Source material
>>>
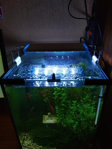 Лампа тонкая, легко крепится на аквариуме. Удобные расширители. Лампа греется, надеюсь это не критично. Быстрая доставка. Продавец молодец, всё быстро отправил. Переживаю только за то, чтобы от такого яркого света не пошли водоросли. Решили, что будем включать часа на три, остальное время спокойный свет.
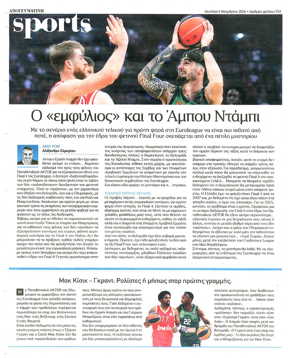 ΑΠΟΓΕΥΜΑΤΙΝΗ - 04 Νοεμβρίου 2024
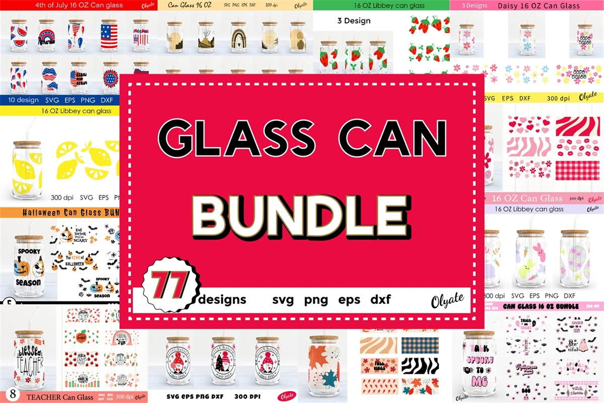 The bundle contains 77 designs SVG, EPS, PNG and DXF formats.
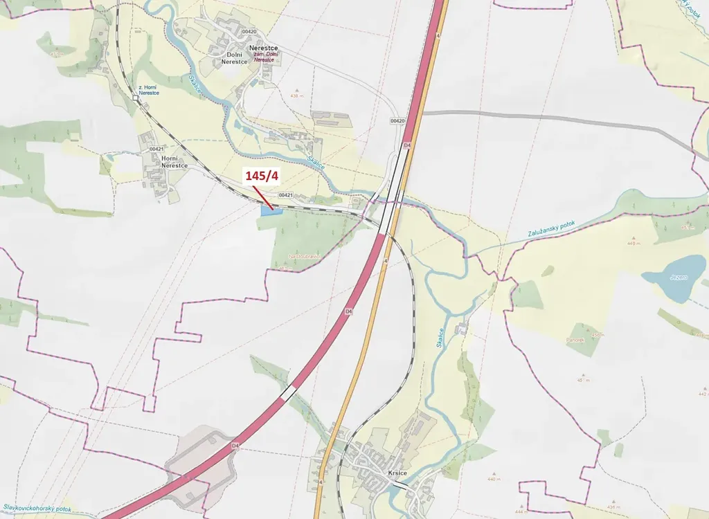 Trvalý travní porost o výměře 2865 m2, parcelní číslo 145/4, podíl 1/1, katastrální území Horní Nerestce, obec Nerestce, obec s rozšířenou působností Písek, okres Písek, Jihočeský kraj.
<<<
Description of the task
The result should be a transcript of the lines from the line containing "ΑΠΟΓΕΥΜΑΤΙΝΗ - 04 Νοεμβρίου 2024" through the end of the listing above, exact, inclusive, and without pictures.

Solution to this exercise
 ΑΠΟΓΕΥΜΑΤΙΝΗ - 04 Νοεμβρίου 2024
 The bundle contains 77 designs SVG, EPS, PNG and DXF formats.
 Trvalý travní porost o výměře 2865 m2, parcelní číslo 145/4, podíl 1/1, katastrální území Horní Nerestce, obec Nerestce, obec s rozšířenou působností Písek, okres Písek, Jihočeský kraj.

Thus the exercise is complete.